Die dafür notwendigen Methoden für maschinelles Lernen sind etabliert und breit verfügbar. Allerdings sind die grundlegenden Kompetenzen für diese Methoden vor allem in den USA oder China angesiedelt. Für die europäische / deutsche Wirtschaft bietet sich ein Kompetenzaufbau in der Systemintegration von KI an. Für Assistenzsysteme, Maschinen und Produktionsanlagen kann KI zur Verbesserung der Leistungsfähigkeit und Erhöhung der Produktivität genutzt werden.

 

 

Neben den technischen Aspekten sind allerdings für jeden Anwendungsbereich auch die spezifischen rechtlichen und ethischen Voraussetzungen zu klären sowie Folgeabschätzungen vorzunehmen.

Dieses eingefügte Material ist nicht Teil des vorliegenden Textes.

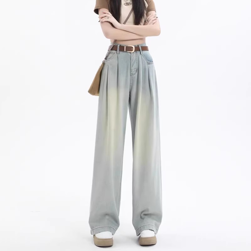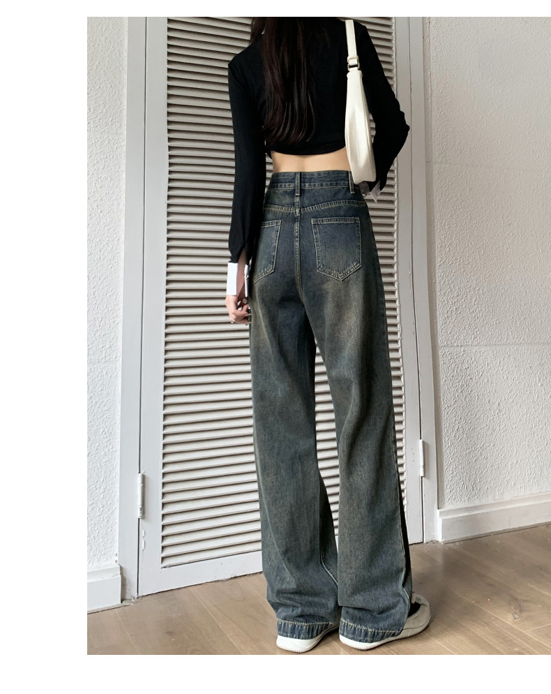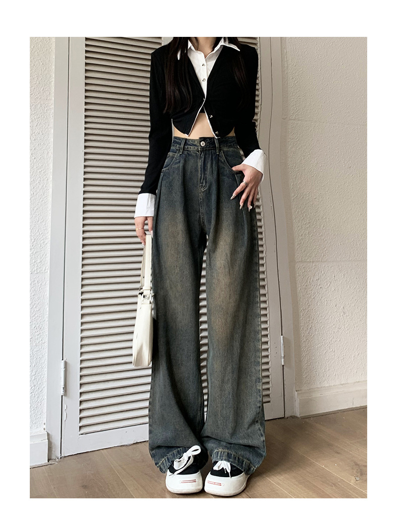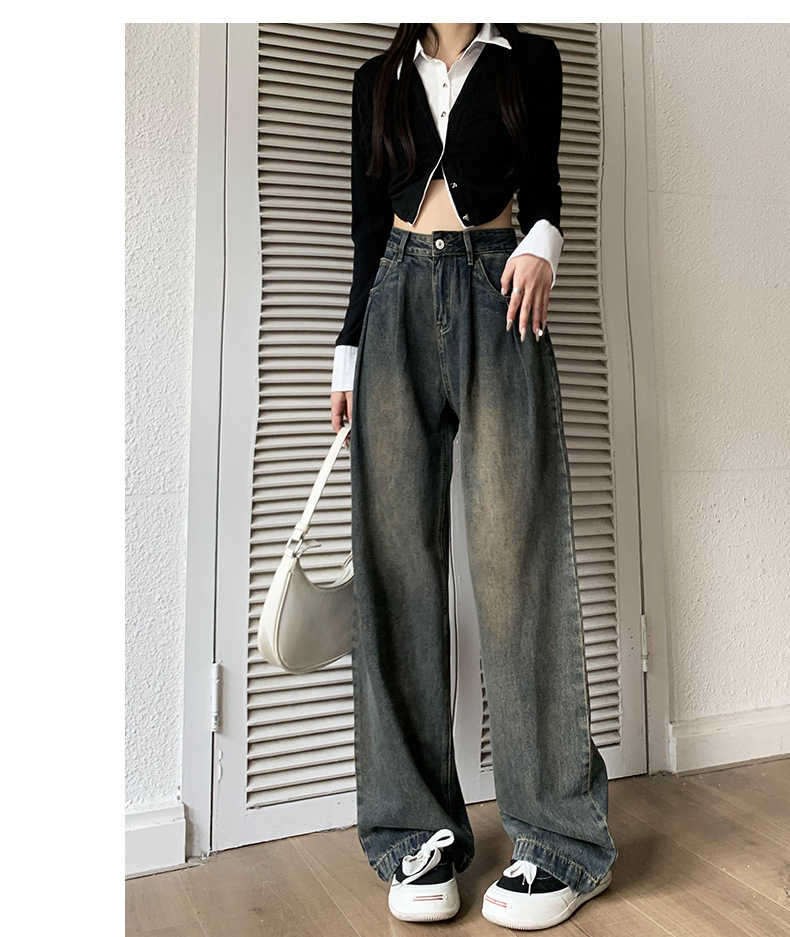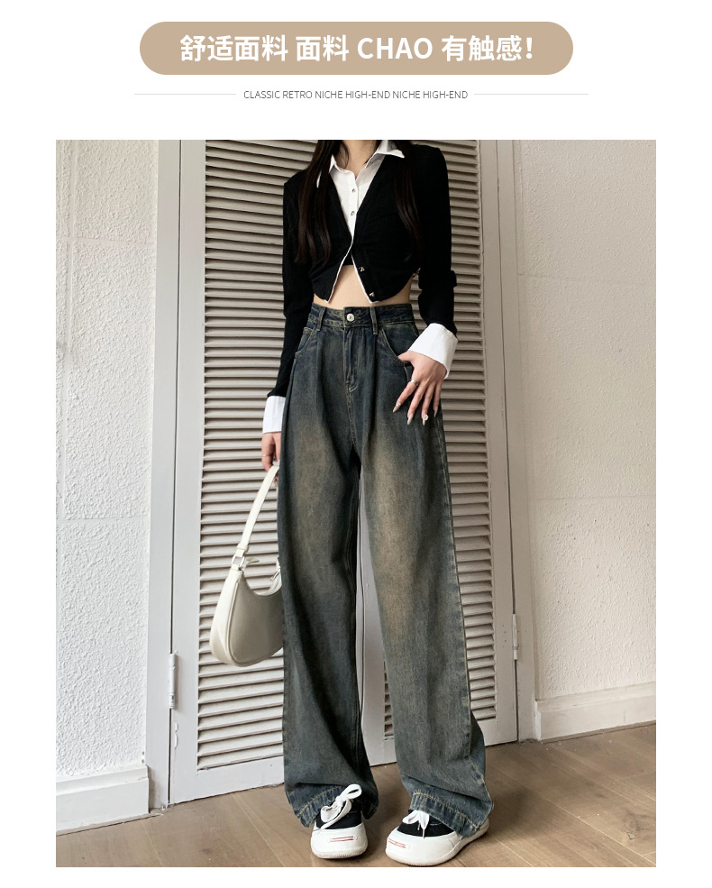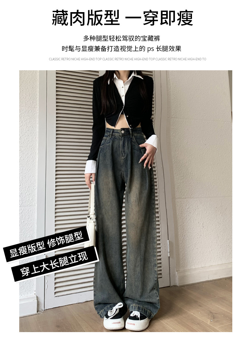 넓은 다리 청바지 여성의 가을과 겨울 2024 새로운 스타일 작은 게으른 높은 허리 레트로 느슨한 기모 스트레이트 바지스토어 가기
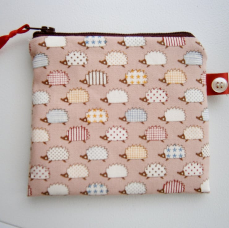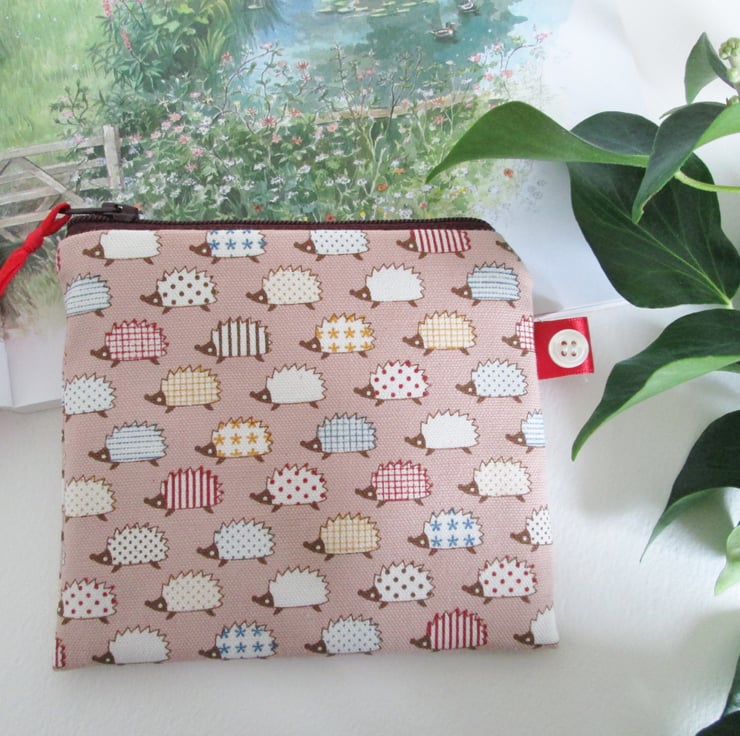 Pretty little hedgehogs printed fabric coin purse, perfect for your coins, notes and cards.

Zum autonomen Fahren stellen sich zum Beispiel die Fragen:

 

  • Welche Kriterien und Wahrscheinlichkeitsbandbreiten für Vorhersagen, werden für eine Zulassung akzeptiert?
  • Wie kann die IT-Sicherheit gewährleistet werden, um eine Fremdkontrolle der Fahrzeuge zu verhindern?
  • Wie soll mit ethischen Entscheidungssituationen in Grenzfällen umgegangen werden?
  • Will diese Gesellschaft oder schlicht der Kunde überhaupt ein vollautonomes Fahren ohne Eingriffsmöglichkeit?